Чтобы подготовить падение Кнопса и Требония, требовались время и труд. Сложное и нелегкое дело управления поглощало много сил. Надо было измышлять все новые и новые средства для борьбы с растущим среди населения недовольством, надо было изыскивать все новые и новые денежные источники, так как неизбежное увеличение армии требовало средств. И Варрон работал, работал много, работал со страстью. Неутомимым, почти неистовым трудом он пытался отогнать от себя мрачное чувство безнадежности, нередко сжимавшее ему горло.

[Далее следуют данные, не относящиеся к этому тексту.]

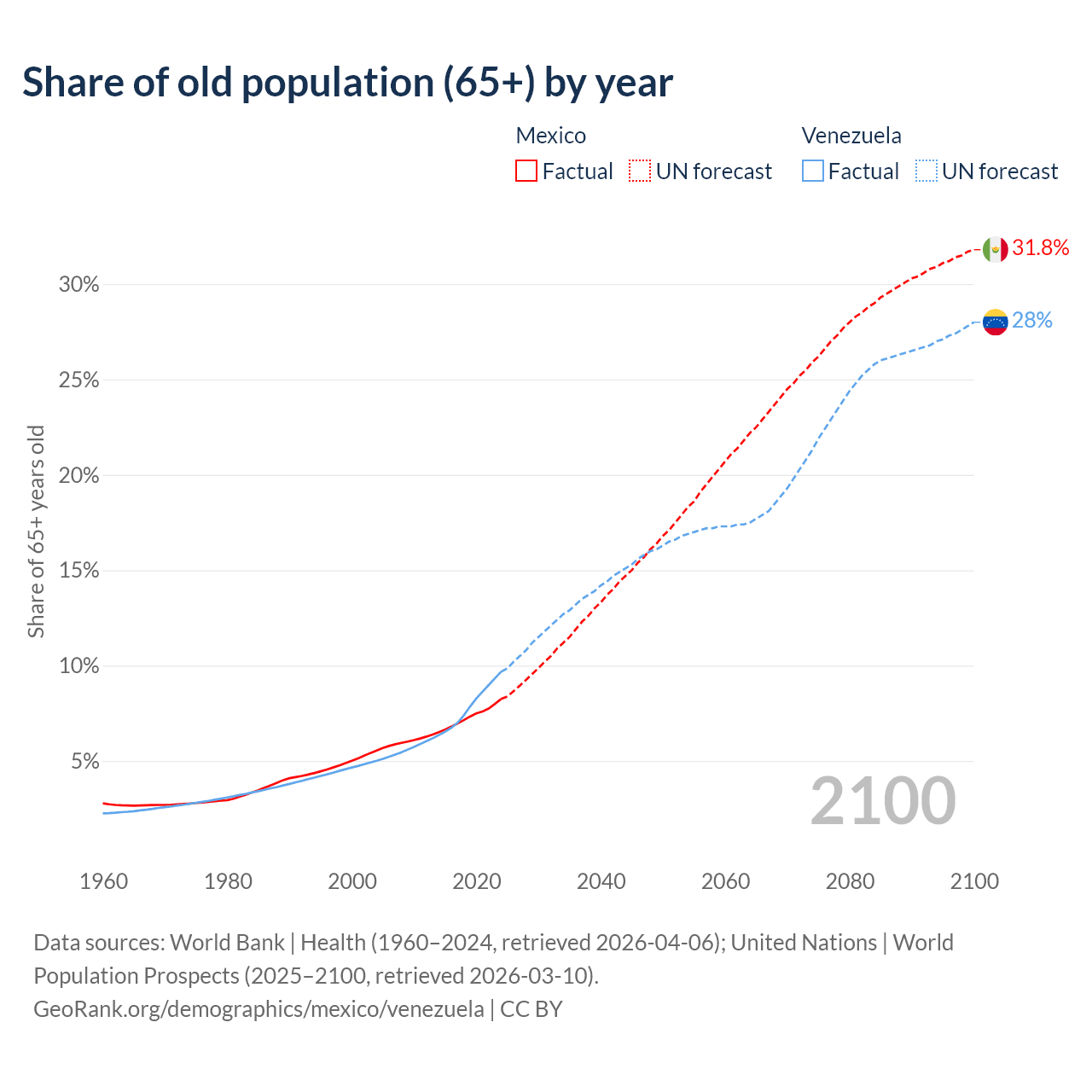 The share of older people aged 65 and over is 8.25% in Mexico and 9.68% in Venezuela. Life expectancy in Mexico compared to Venezuela .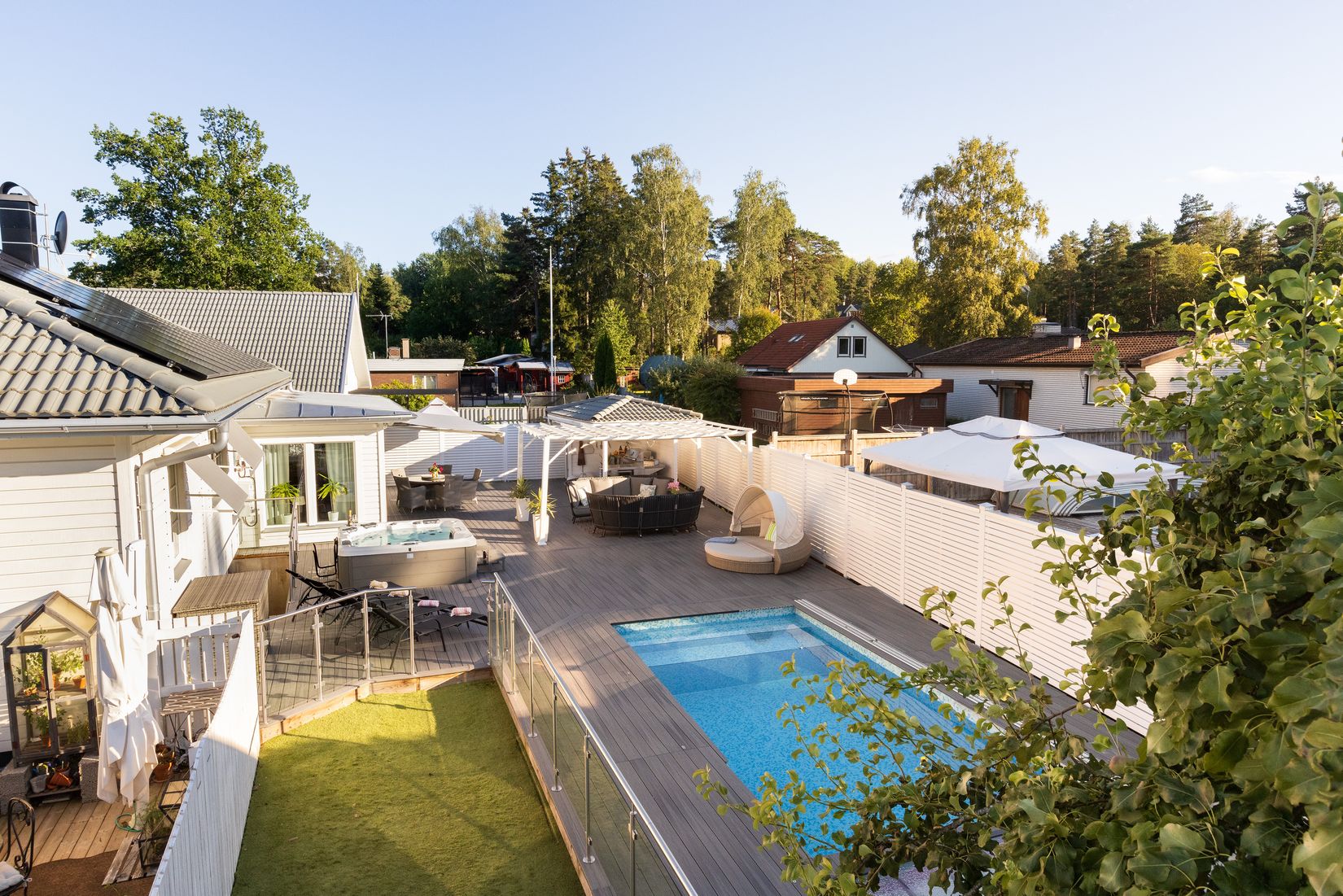 Den insynsskyddade tomten är något alldeles extra, här har du möjlighet att njuta under sommarhalvåret, pool, utespa och ett väl tilltaget utekök som skapar en härlig semesterkänsla hemma. Här finns gott om plats för umgänge och avkoppling under årets varmare månader.

Когда не помогала работа, он спасался в своем последнем убежище. Марция, с тех пор как Клавдия Акте побывала в Эдессе, перестала бояться отца, не чуждалась его, как прежде, и это сближение продолжалось и после отъезда Акте. Марция допускала его, когда он приходил к ней, и иногда даже сама приходила к нему. Он проводил с ней долгие часы, она сидела, а он ходил по комнате из угла в угол, говоря о вещах, заботивших его. Он вслух размышлял о том, как это дерзко и глупо, когда один человек мнит себя способным изменить течение мировой истории. Разве действия человека, даже самого могущественного, не определяются на девять десятых обстоятельствами? Он сам волен в своих действиях ничуть не больше, чем его Нерон. План его так удался не благодаря его государственному уму, а благодаря «конъюнктуре», счастливому стечению обстоятельств, от него не зависящих. Где вообще кроются факторы, определяющие политический успех? В большинстве случаев – очень далеко, в сфере, которую не в состоянии познать тот, кто активно действует, кто неразрывно связан с ходом реальной политики. Каким же образом можно влиять на большие политические события? От чего зависит, например, будущее его затеи, судьба Нерона и его собственная? Ведь не от настроений же народов Междуречья и не от военных приготовлений Цейония! Так могут думать только близорукие люди, не видящие дальше своего носа. Наступит ли смерть Тита сегодня или через год, выйдет ли Артабан победителем из тяжелых боев, которые он ведет на восточных границах, или потерпит поражение – от этих обстоятельств зависит его судьба и участь его Нерона, а это вещи, ход которых вряд ли кто-нибудь может затормозить или ускорить, рассчитать и учесть. Он сделал все возможное, чтобы повернуть ход событий себе на пользу, и впредь сделает для этого, что будет в его силах. Но то, что он в состоянии бросить на чашу весов, ничтожно, и он был бы дураком, если бы думал, что это имеет значение.
Эти и подобные мысли высказывал он перед молчаливо сидевшей Марцией. Глаза ее следили за ним, как он шагал из угла в угол, но он не знал, слушает ли она его, а если слушает, то понимает ли. Однажды, когда он говорил ей что-то в этом роде, она сказала ему:
– Знаешь, с кем тебе надо поговорить об этом? С нашим Фронтоном. Он умен и хорошо разбирается в этих вещах.
– С Фронтоном? – переспросил Варрон растерянно.
– Да, с Фронтоном, – ответила Марция просто.
– Где же я его найду? – осторожно спросил Варрон.
– Нужно, конечно, – задумчиво ответила она, – обладать настоящими глазами, чтобы видеть его. Многие не узнают его, принимают его за Нерона. Если бы ты, дорогой отец, отдал меня в весталки, я бы его, наверное, всегда могла видеть.
Она сказала это, однако, улыбаясь, без горечи или укоризны. Потрясенный Варрон не нашелся что ответить и вскоре ушел.
Некоторое время он избегал бесед с Марцией. Но ему не хватало этих бесед, – пусть даже его слова оставались без ответа, – и он посещал Марцию так часто, как только мог. В ее присутствии ему легче было уговорить самого себя, внушить себе уверенность.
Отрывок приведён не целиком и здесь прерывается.